Supplied entries: Begin

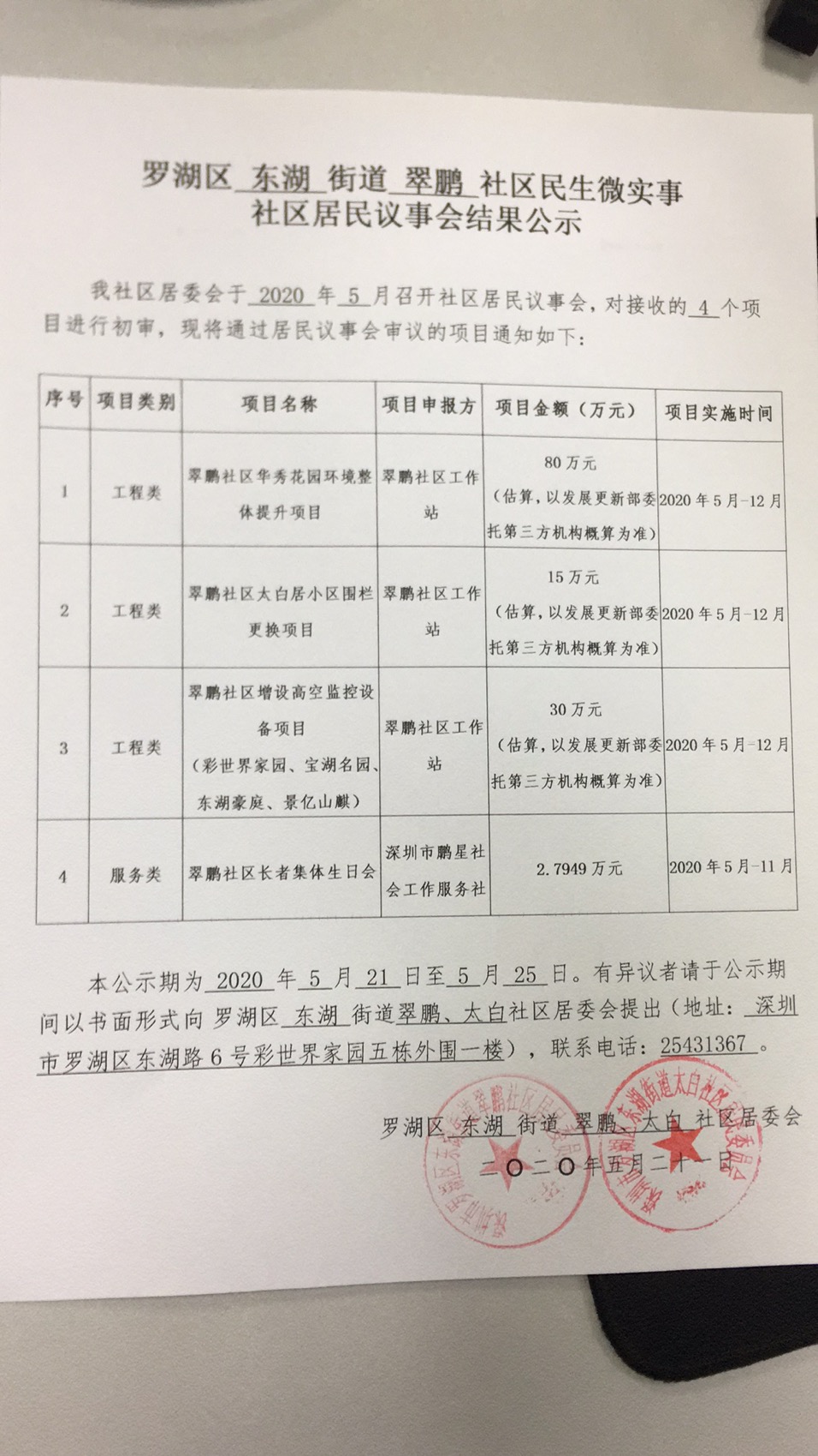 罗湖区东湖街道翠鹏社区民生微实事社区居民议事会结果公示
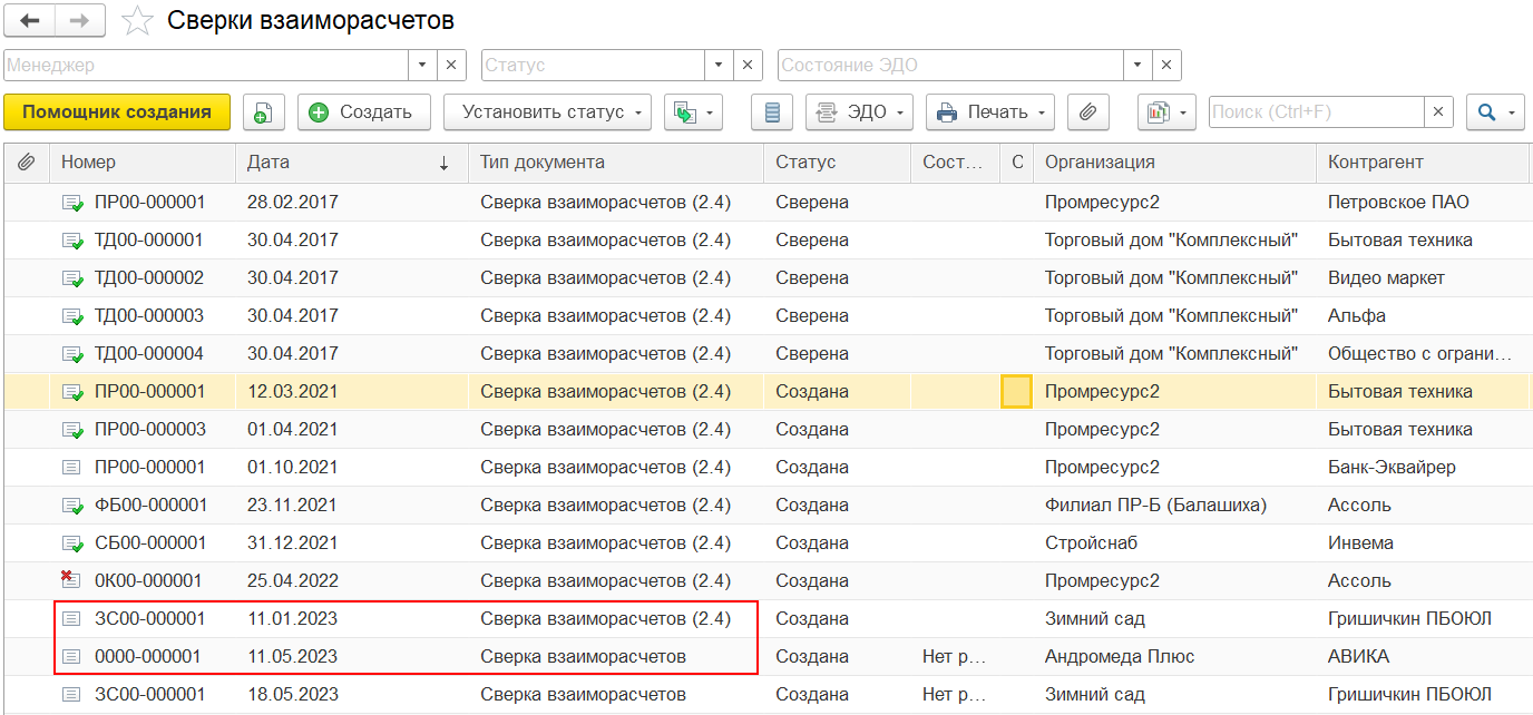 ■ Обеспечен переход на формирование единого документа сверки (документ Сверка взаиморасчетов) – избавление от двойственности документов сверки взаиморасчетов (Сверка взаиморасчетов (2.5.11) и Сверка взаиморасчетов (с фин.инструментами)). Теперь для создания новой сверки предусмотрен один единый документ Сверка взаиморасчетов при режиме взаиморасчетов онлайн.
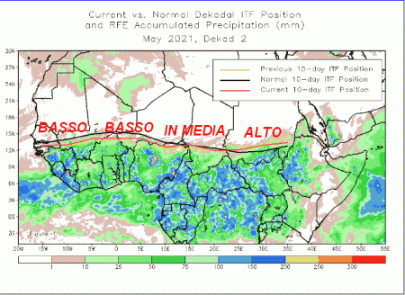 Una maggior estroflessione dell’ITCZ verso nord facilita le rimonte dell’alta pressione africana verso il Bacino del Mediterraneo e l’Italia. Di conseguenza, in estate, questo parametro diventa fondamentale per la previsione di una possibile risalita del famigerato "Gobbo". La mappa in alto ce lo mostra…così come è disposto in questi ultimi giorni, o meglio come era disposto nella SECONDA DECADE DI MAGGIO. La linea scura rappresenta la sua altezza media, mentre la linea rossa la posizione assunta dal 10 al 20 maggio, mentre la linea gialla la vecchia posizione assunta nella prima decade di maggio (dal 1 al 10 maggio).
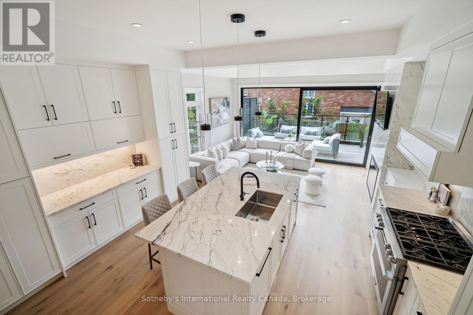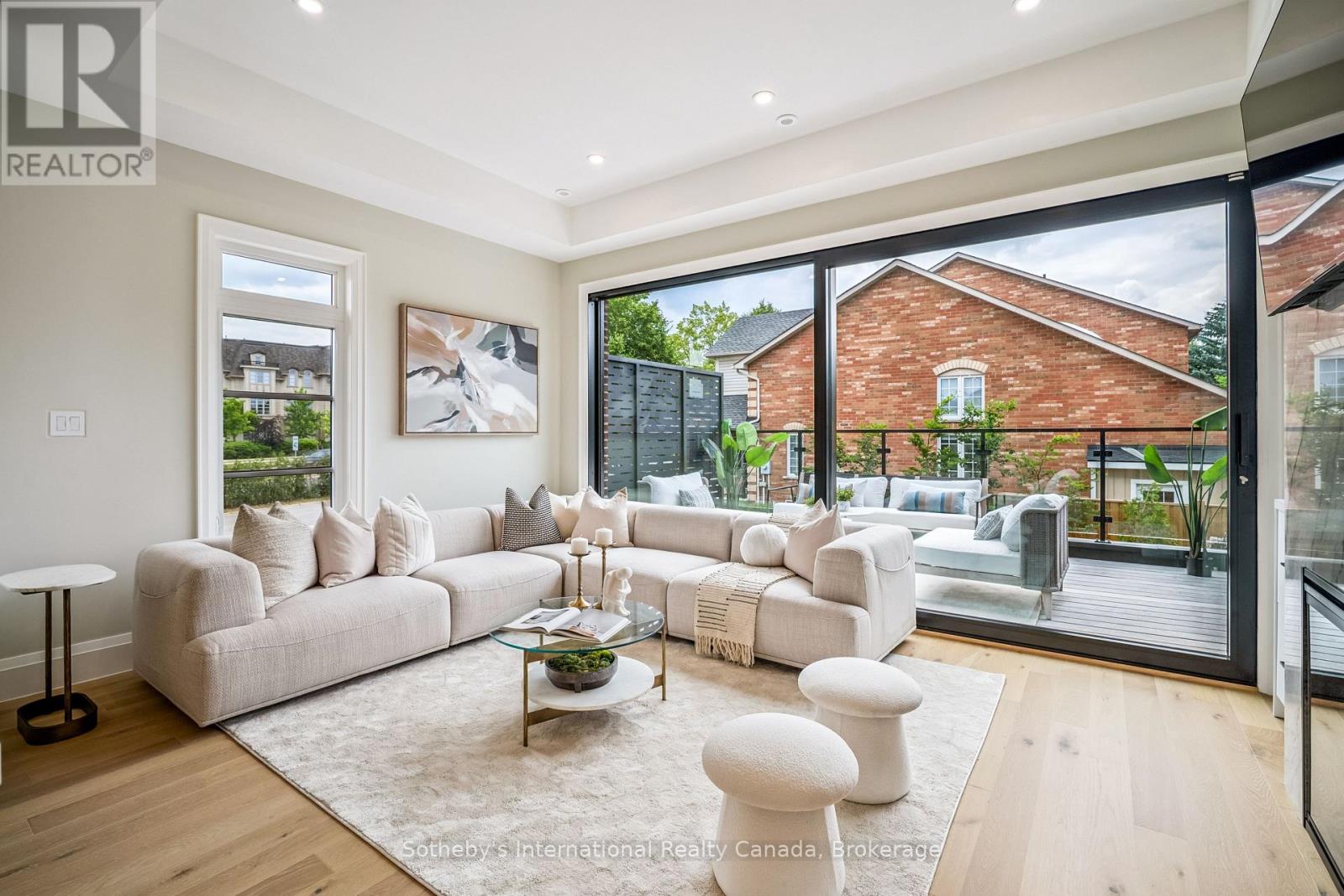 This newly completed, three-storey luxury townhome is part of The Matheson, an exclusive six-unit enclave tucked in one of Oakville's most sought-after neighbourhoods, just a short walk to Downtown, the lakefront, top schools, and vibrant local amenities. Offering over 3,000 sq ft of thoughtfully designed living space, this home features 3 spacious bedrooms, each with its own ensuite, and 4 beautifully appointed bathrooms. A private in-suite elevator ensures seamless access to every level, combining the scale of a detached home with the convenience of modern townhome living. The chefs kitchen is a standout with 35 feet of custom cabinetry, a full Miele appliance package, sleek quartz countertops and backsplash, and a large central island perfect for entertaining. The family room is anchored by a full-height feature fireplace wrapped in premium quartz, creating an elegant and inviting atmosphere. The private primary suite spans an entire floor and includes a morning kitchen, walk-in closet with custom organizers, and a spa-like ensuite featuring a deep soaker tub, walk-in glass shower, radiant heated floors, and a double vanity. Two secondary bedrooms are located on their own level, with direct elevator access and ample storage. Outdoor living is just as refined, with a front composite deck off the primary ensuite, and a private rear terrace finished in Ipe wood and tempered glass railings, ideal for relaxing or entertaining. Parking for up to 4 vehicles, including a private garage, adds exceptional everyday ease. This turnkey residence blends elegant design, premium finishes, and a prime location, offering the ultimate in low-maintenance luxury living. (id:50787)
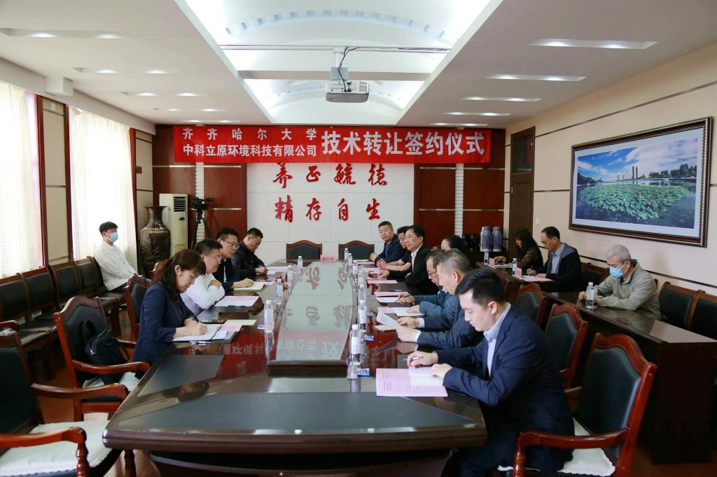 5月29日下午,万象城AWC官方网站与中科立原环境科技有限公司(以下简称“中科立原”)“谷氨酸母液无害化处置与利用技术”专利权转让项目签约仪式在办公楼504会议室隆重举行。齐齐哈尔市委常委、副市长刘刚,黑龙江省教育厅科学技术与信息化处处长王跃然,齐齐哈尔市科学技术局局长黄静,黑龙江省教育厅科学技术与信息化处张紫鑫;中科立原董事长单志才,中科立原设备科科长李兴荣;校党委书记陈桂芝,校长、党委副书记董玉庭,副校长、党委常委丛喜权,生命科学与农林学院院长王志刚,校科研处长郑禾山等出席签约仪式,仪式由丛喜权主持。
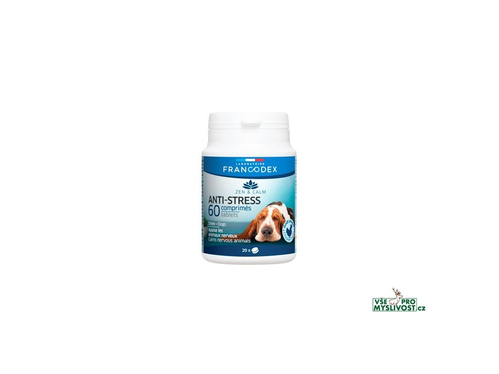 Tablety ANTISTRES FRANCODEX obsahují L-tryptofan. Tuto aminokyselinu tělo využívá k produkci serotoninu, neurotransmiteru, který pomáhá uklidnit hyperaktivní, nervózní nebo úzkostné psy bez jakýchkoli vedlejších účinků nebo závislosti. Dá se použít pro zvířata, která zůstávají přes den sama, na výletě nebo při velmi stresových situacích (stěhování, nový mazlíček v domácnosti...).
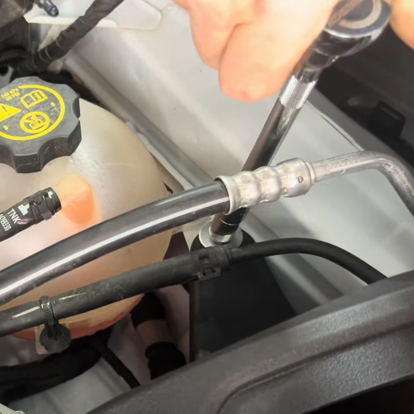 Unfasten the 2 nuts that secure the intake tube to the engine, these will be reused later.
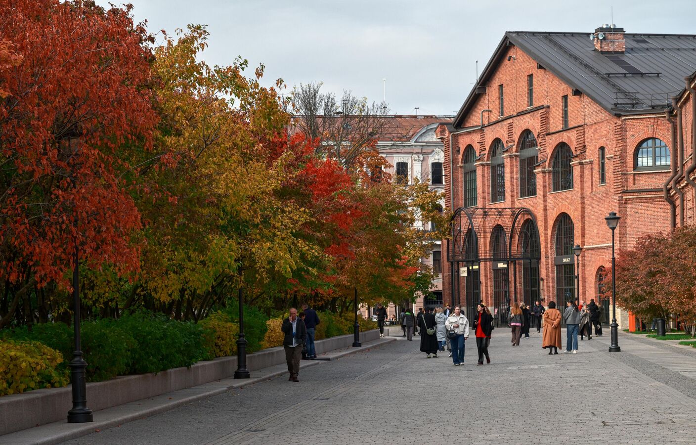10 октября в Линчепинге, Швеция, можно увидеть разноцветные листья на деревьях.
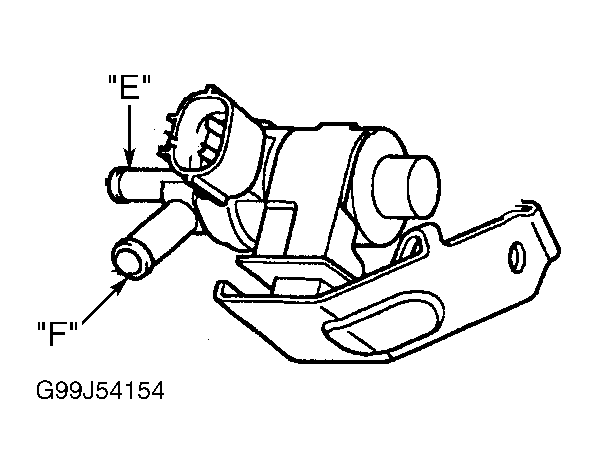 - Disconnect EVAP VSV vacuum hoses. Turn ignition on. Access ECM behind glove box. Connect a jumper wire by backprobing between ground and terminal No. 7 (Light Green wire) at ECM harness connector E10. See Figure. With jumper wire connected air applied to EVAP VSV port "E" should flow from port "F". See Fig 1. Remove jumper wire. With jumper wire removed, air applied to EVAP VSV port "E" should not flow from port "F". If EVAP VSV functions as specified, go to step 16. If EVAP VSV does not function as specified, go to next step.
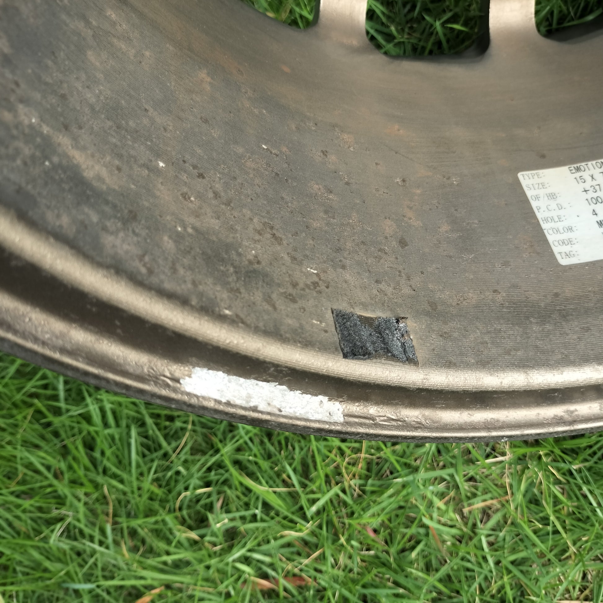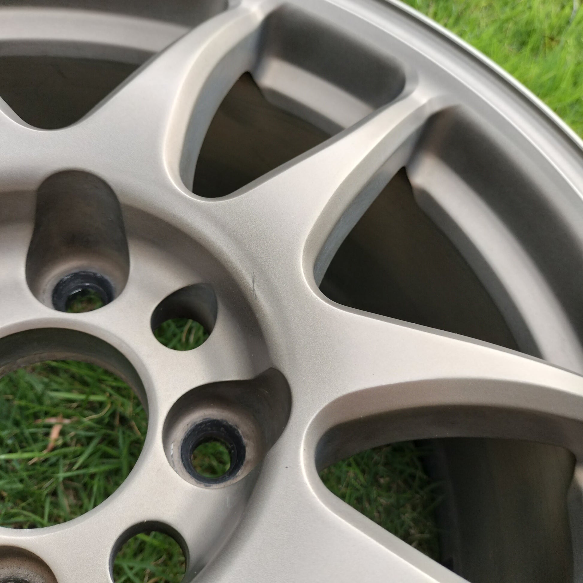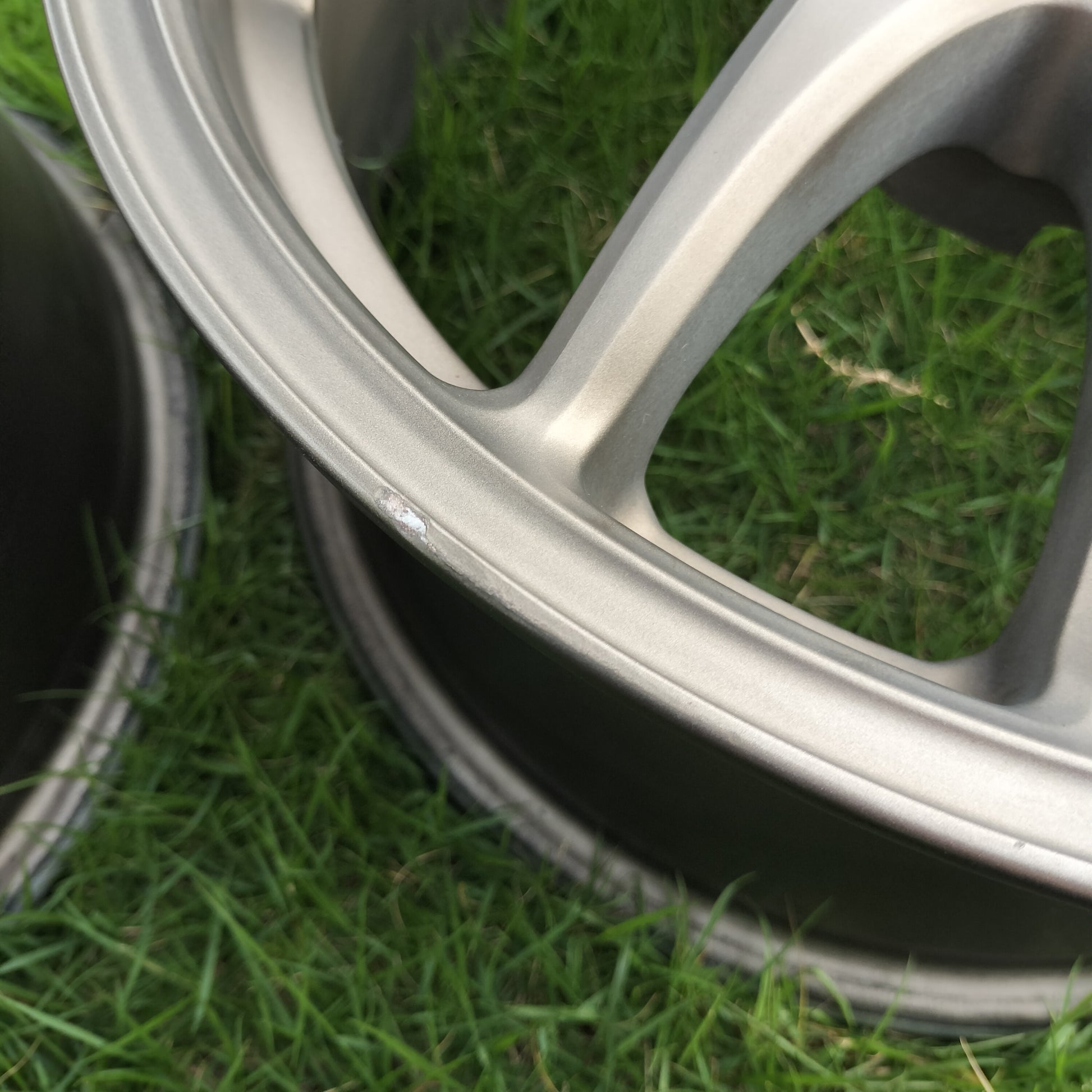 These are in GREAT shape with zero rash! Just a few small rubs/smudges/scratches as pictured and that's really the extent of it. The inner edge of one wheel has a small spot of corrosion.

Supplied entries: End

§ Work instructions
What you write out is the stretch of entries from the line containing "Unfasten the 2" to the line containing "10 октября в", word for word, with both end lines and no pictures.

§ Exercise result
 Unfasten the 2 nuts that secure the intake tube to the engine, these will be reused later.
10 октября в Линчепинге, Швеция, можно увидеть разноцветные листья на деревьях.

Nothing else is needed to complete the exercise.